The systemic disenfranchisement of the majority of the American population--through the electoral college, senate, and supreme court--is precisely why so much of American politics is broken.

Forcing the the majority to live under the rules set by a minority that has a completely different way of life does not lead to good outcomes.



Protecting against tyranny of the majority simply by changing the weight of votes is replacing it with tyranny of the minority, as you say.

Other checks on the tyranny of the majority, like protecting the rights of individuals (in light of shared values) in the face of a majority decision to violate them is hard to characterize as tyranny at all.

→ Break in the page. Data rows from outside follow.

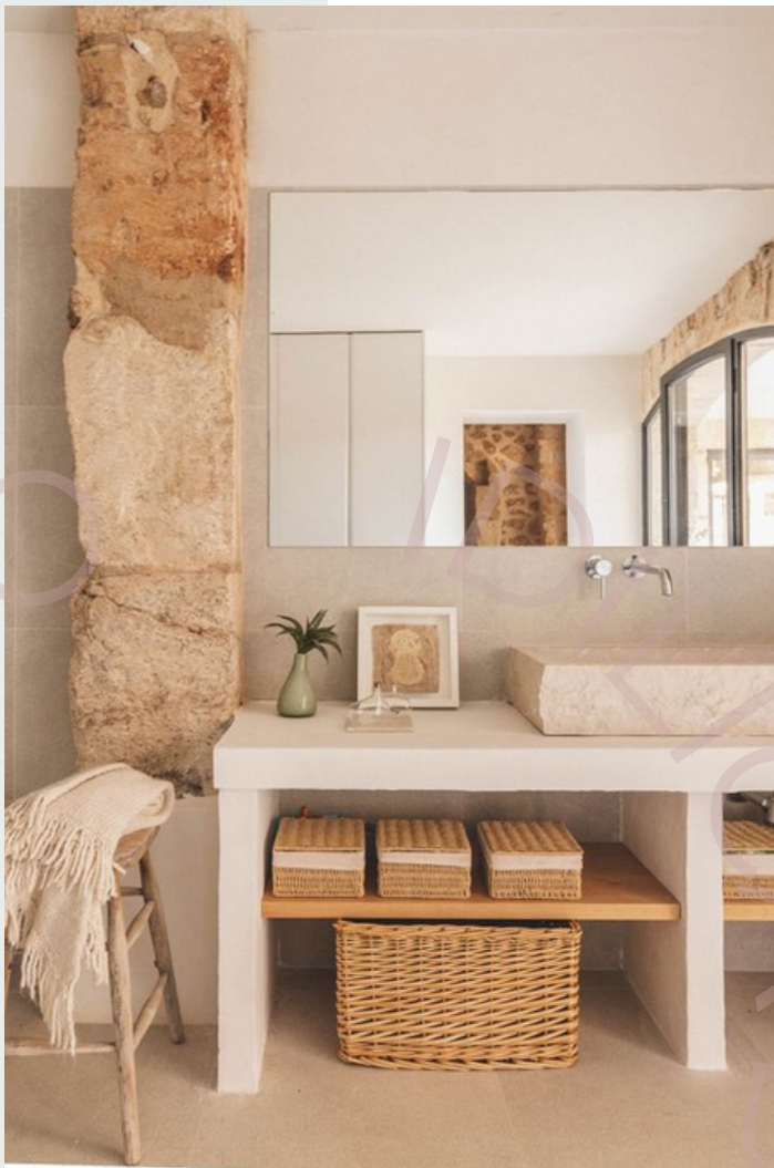
Ejemplo de espacio con texturas rústicas

Por ejemplo, si generamos un ambiente con mucho relieve, vamos a percibir que tenemos demasiados estímulos visuales. Y esto puede generar que el espacio se vea muy sobrecargado. De lo contrario, si optamos por todas superficies planas o lisas, el espacio lucirá monótono y sin gracia. Por eso, es súper importante combinarlas.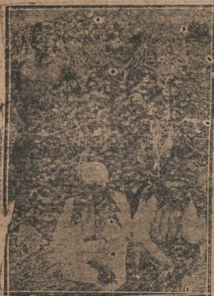
EL ILUSTRE NOVELISTA, EN AMERICA, RODEADO DE ALGUNOS INDIGENAS

de Blasco. Yo he mantenido discusiones, y como era yo, representante verdadero de los nuevos géneros, el que lo defendía, los que lo discutían han buscado al final una fórmula de estar de acuerdo y de no acabarlo de estar.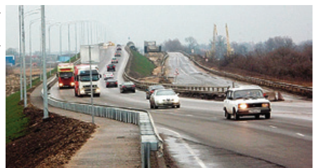
■ А так он выглядел десять лет назад, когда было открыто движение по первой очереди уже нового моста

Вторую половину нового моста открыли 7 декабря 2016-го. Кстати, почему его называют Берлинским?

Requiring legislation to pass two bodies with different weights is an interesting move which isn't precisely the former; it deserves a weakened version of the same criticism, and it is not entirely clear whether it pays dividends to make up for it. I agree with the implied premise that decisions are more likely to be good ones if they look good from more angles.

There is much ink spilled in apologia of the current system around how the needs and experiences of those in cities are very different than those of people in rural communities, and the system needs to avoid being blind to either. I don't think that's entirely misguided but it smells a bit of special pleading; there are other ways we can slice the electorate that would likely lead to comparable (or larger) differences in needs and experiences, and we don't change the weights in light of that.


The legislation not only needs to pass the Senate and the House, but also various committees and the president must also typically sign it. Each one of these hurdles reduces the chance of successful legislation which tends to favor the status quo. As noted by James Madison in someone else’s post, he thought the Senate should favor landowners over the majority “to secure the permanent interests of the country against innovation”

Arguably this inherently favors conservatism as passing no new legislation will keep things the way they are. Progressives will, in most cases, need to get legislation or referendums through to make meaningful changes to the current system.

Florida seems to have figured this out. This election there is a referendum to require voters to approve all new referendums twice to try to decrease the number of successful referendums.


I think I mostly agree with what you've written, but committees in particular (while they're not exactly any one thing) seem mostly to work in favor of considering (and thus, ultimately, passing) more legislation than a body could consider if each bill had to be considered by the entire body before being discarded.


In this case, yes. But other rules like "60% to pass a law" are not tyranny of the majority. (Might be tyranny of the status quo, though.)


This arguement honestly sounds like “we need to change the system so my side isn’t denied power”. No doubt if the situation was reversed you’d be arguing for them.


The United States was founded on rejecting a system that vested lawful power with the British government and denied power to the colonists. Were the founding fathers wrong to declare independence to ensure that their 'side' was not denied power?

The entire principle of popular sovereignty, as exercised through representative democracy, is that leaders are selected according to the wishes of the the majority of the people. Minority rule--no matter how it is codified or how long it has been in effect--is incompatible with this principle.

America can be either a country ruled by a Republican party answerable accountable only to rural interests or it can be a democracy. It cannot be both.


leaders are selected according to the wishes of the the majority of the people

That's clearly not the case as many systems (not just the US) seek to avoid "tyranny of the majority" and to protect the interests of minorities. Canada's senate does not use proportional representation either - that avoids the country being run by Ontario and Quebec at the expense of the other 8 provinces and 3 territories.

The designs you argue against were specifically implemented to provide a system of checks and balances to avoid a simply majority from unchecked rule. And this is doubly true in the US, where it's a "union of states", not just one massive country. A lot of those rules were put into place in order to get the states to join the US because otherwise they would have had zero say in the affairs of the country.

Those checks you want to remove are not a bug but a feature.